- [SUPPLIED MATERIAL]
────────────────────────────────────────

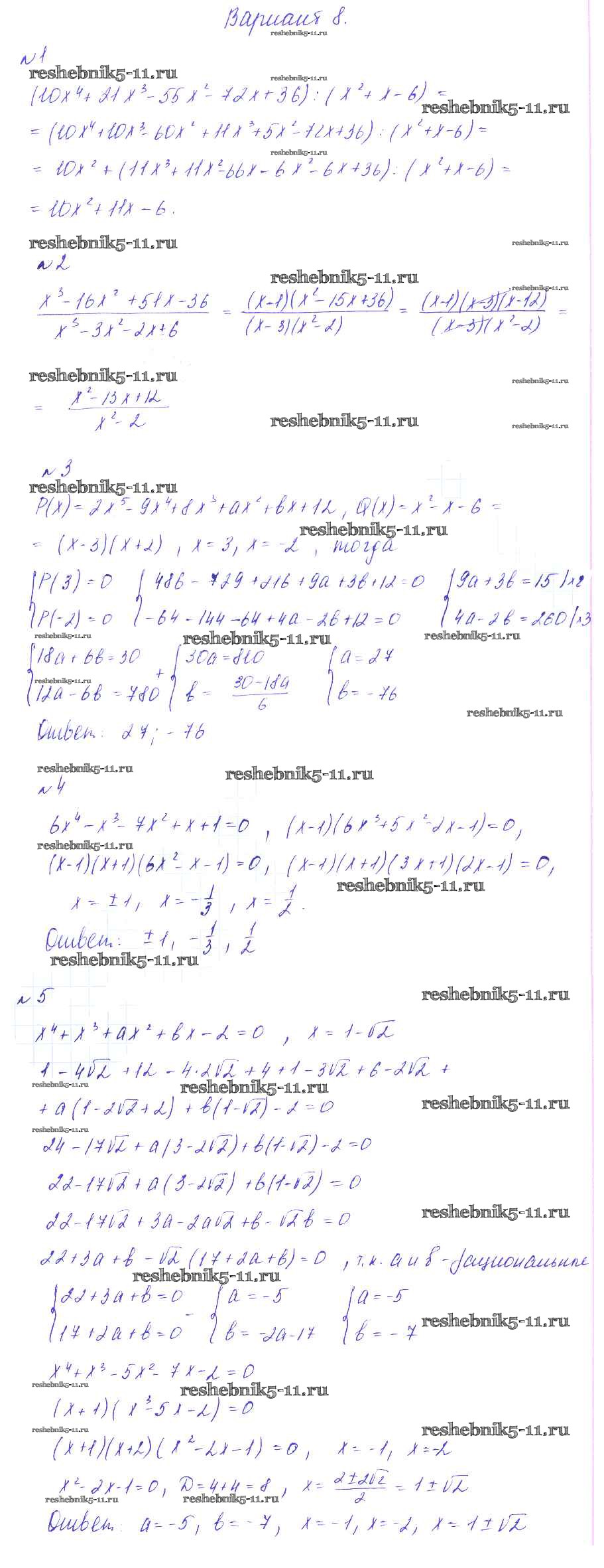 Готовая домашняя работа с ответами по Алгебре за 9 класс Зив, Гольдич Дидактические материалы Виктория плюс 2013 ФГОС - СР-1. Деление многочленов. Решение алгебраических уравнений вариант 8
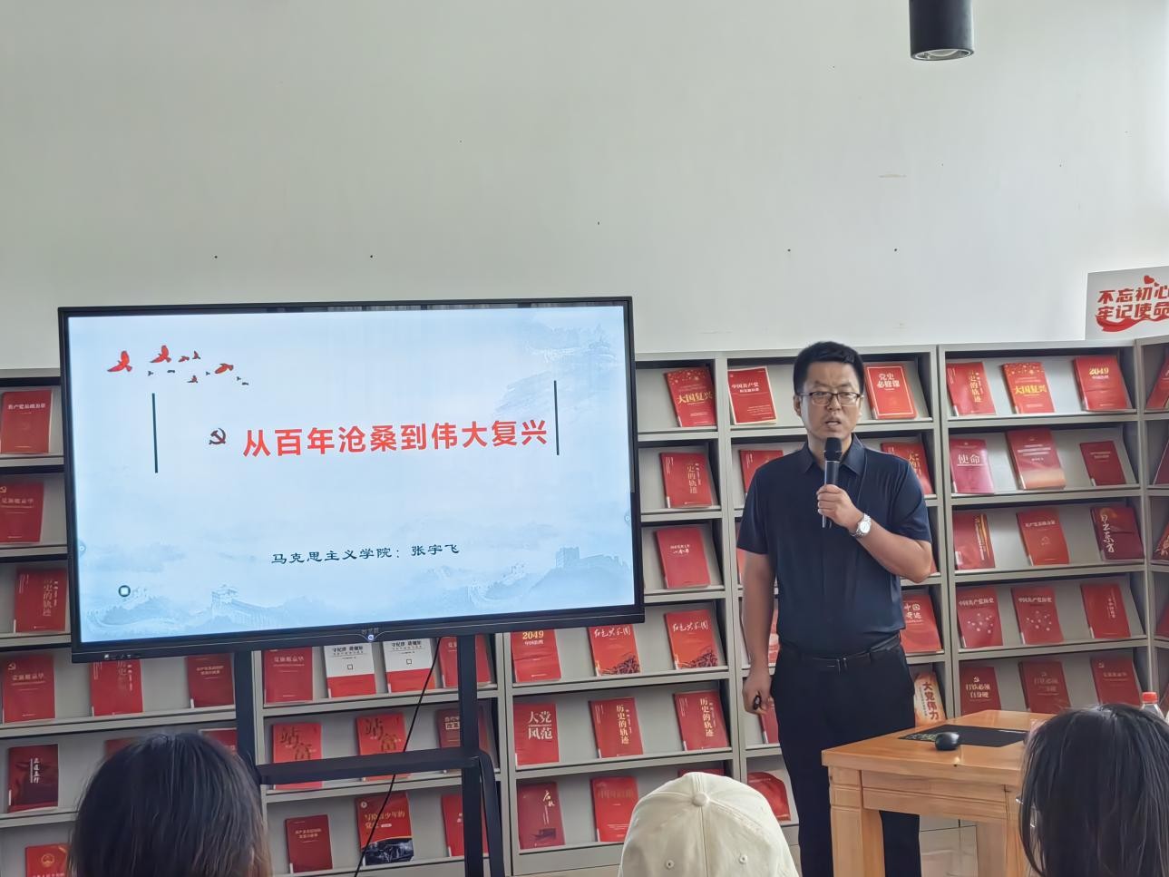 10月22日下午4:00,张宇飞老师在图书馆三楼“红色阅读角”举办红色知识专题讲座,本期讲座的主题是从百年沧桑到伟大复兴。我校建筑与环境艺术设计学院积极分子到场聆听讲座并参与互动,氛围良好,同学们纷纷表示受益匪浅。(张家梅摄)
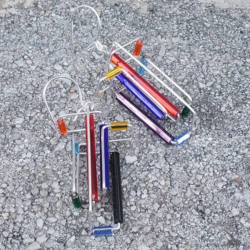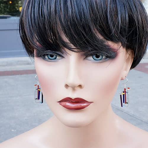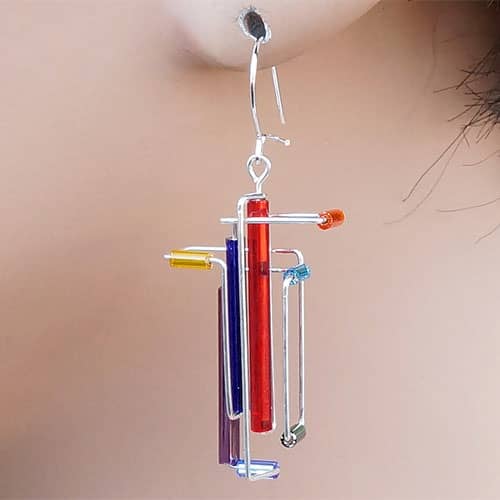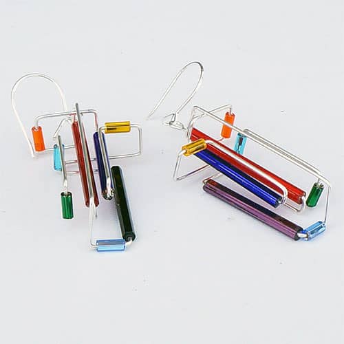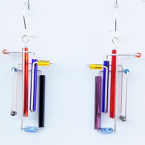 Barbie Levy works from her studio in Owings Mills, MD. Her "Barb Wire" series is created from sterling silver and colorful glass tubing. The ear wires hook closed. They look like little pieces of modern art for your ears. Light weight.

────────────────────────────────────────

- [WORK REQUIRED] Quote, please, every line of the material above from its start through the line that has "10月22日下午4:00,张", reproducing the words exactly and dropping any images.

- [FINISHED TASK]
 Готовая домашняя работа с ответами по Алгебре за 9 класс Зив, Гольдич Дидактические материалы Виктория плюс 2013 ФГОС - СР-1. Деление многочленов. Решение алгебраических уравнений вариант 8
 10月22日下午4:00,张宇飞老师在图书馆三楼“红色阅读角”举办红色知识专题讲座,本期讲座的主题是从百年沧桑到伟大复兴。我校建筑与环境艺术设计学院积极分子到场聆听讲座并参与互动,氛围良好,同学们纷纷表示受益匪浅。(张家梅摄)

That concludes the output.